Published online by Cambridge University Press: 05 May 2013
Abstract
Recently, Bollobás, Janson and Riordan introduced a very general family of random graph models, producing inhomogeneous random graphs with Θ(n) edges. Roughly speaking, there is one model for each kernel, i.e. each symmetric measurable function from [0, 1]2 to the non-negative reals, although the details are much more complicated, to ensure the exact inclusion of many of the recent models for large-scale real-world networks.

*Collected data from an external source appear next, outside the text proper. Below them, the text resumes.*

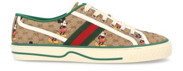 Gucci continues to the celebrate the famous Disney character with these Disney x Gucci Tennis 1977 sneakers. The shoes feature many of the Italian label's hallmarks, including the GG Supreme canvas which covers the main part of the shoe and the green-and-red Web stripe on the side. The Disney icon features prominently on these sporty trainers.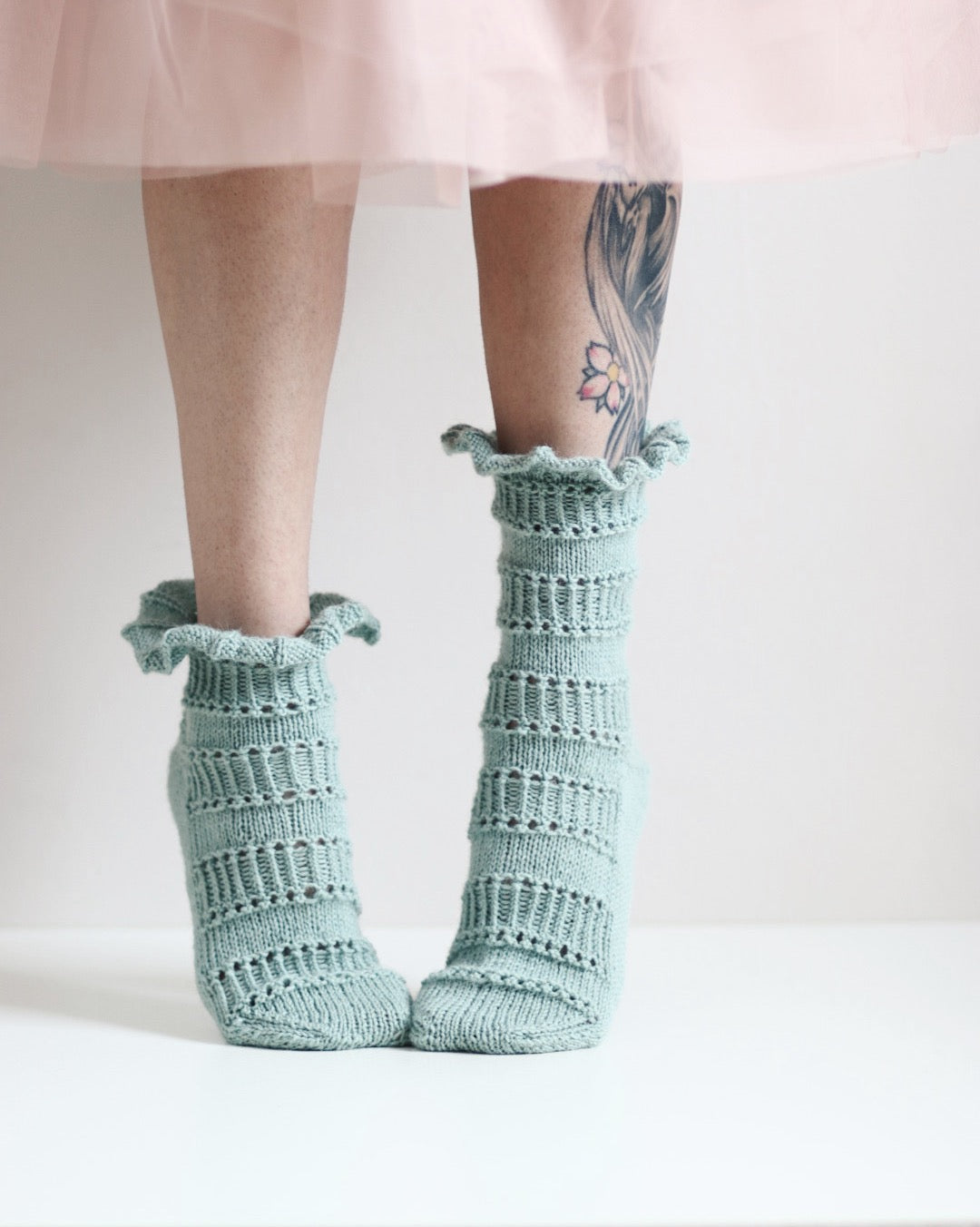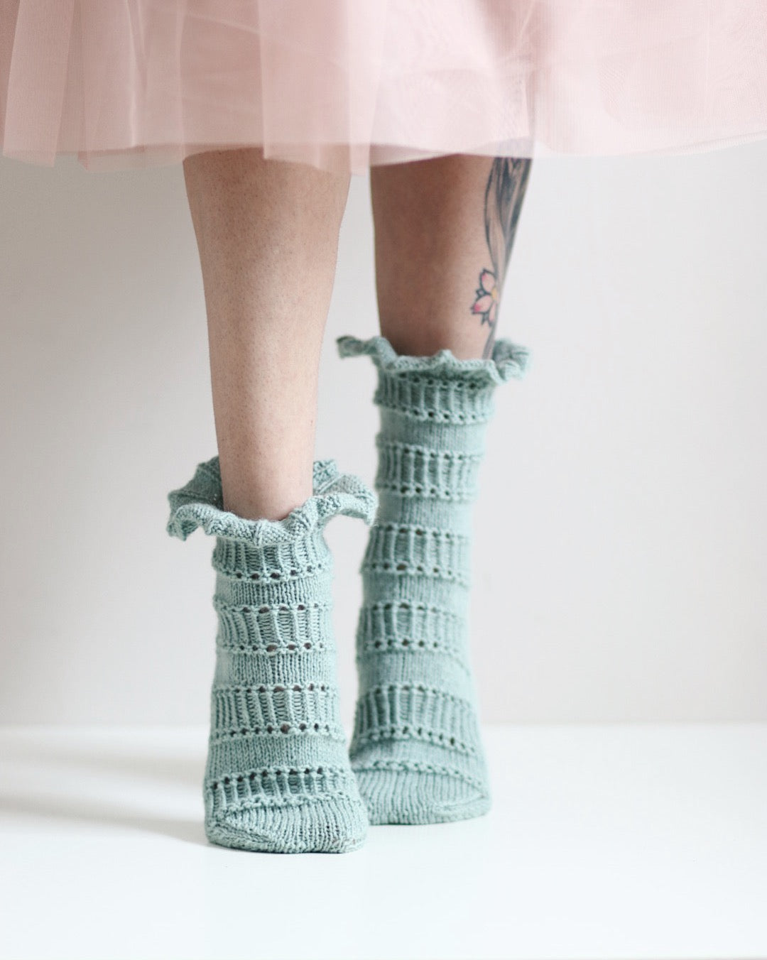Söpöillään röyhelösukilla! Sukat neulotaan varresta varpaisiin.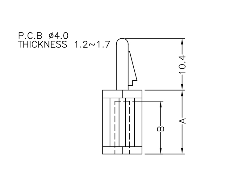 Snap lock hexagonal self tapping spacer with a pilot hole of 2.9 mm and a bayonet snap lock for a 4 mm mounting hole. Standoff height is 14 mm.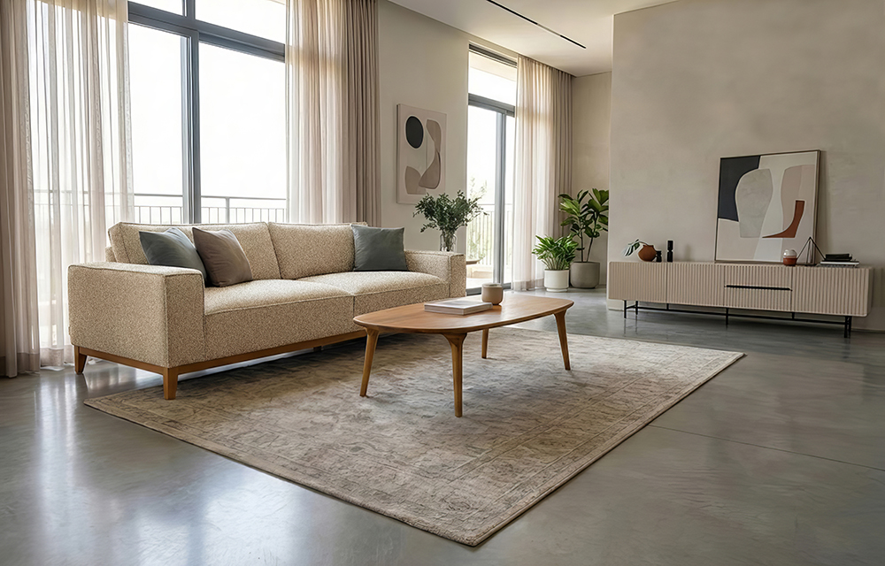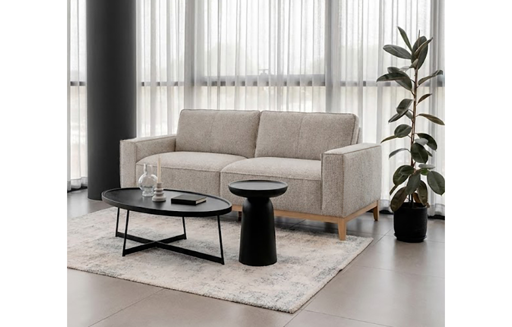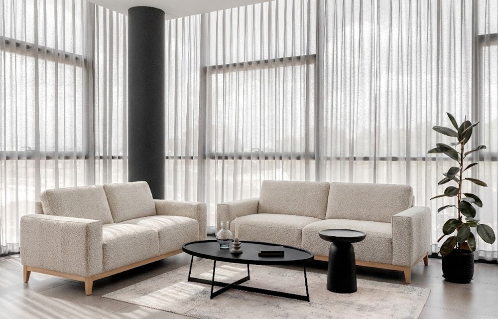 ספה תלת מושב עם מסגרת ורגלי עץ בגוון טבעי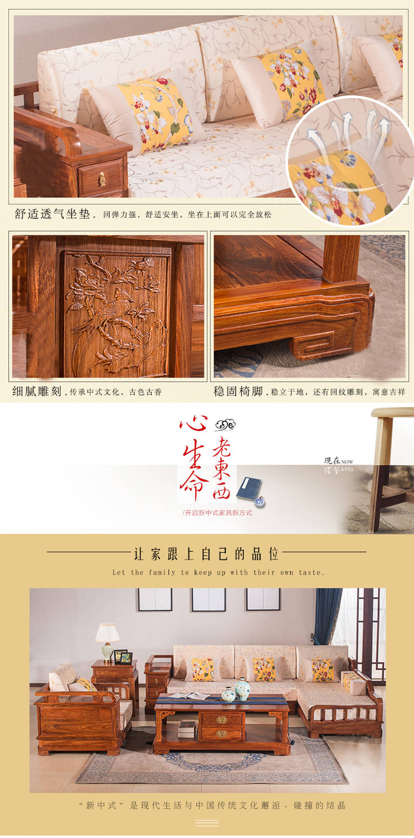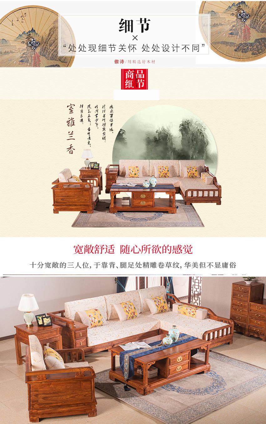 4. 产品简介:这款老榆木大料客厅家具,追寻都市森林中一份怡静,展现一种新中式的居家生活,此款韩式榆木转角沙发在平凡、简单的线条中挥洒自由与浪漫。在客厅中摆放这样一款大料中式老榆木家具,仿佛 有淡淡的花香在空气中四溢,有飘渺的光影在空气中流淌,老榆木大料家具陪伴您诗意的空间在每 ,让韩式榆木家具在温柔时光中将我们拥抱。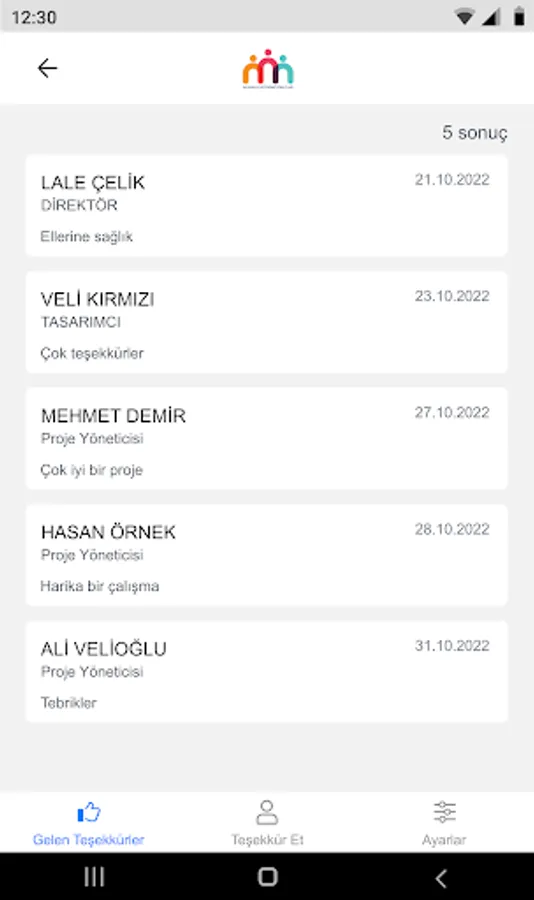 It is an application created to enable employees to remember and thank each other for their success. With this application, it is aimed to reward the employees who receive the most thanks on a monthly and yearly basis.

A different connection between kernels and random graphs arises in the recent work of Borgs, Chayes, Lovász, Sós, Szegedy and Vesztergombi. They introduced several natural metrics on dense graphs (graphs with n vertices and Θ(n2) edges), showed that these metrics are equivalent, and gave a description of the completion of the space of all graphs with respect to any of these metrics in terms of graphons, which are essentially bounded kernels. One of the most appealing aspects of this work is the message that sequences of inhomogeneous quasi-random graphs are in a sense completely general: any sequence of dense graphs contains such a subsequence. Alternatively, their results show that certain natural models of dense inhomogeneous random graphs (one for each graphon) cover the space of dense graphs: there is one model for each point of the completion, producing graphs that converge to this point.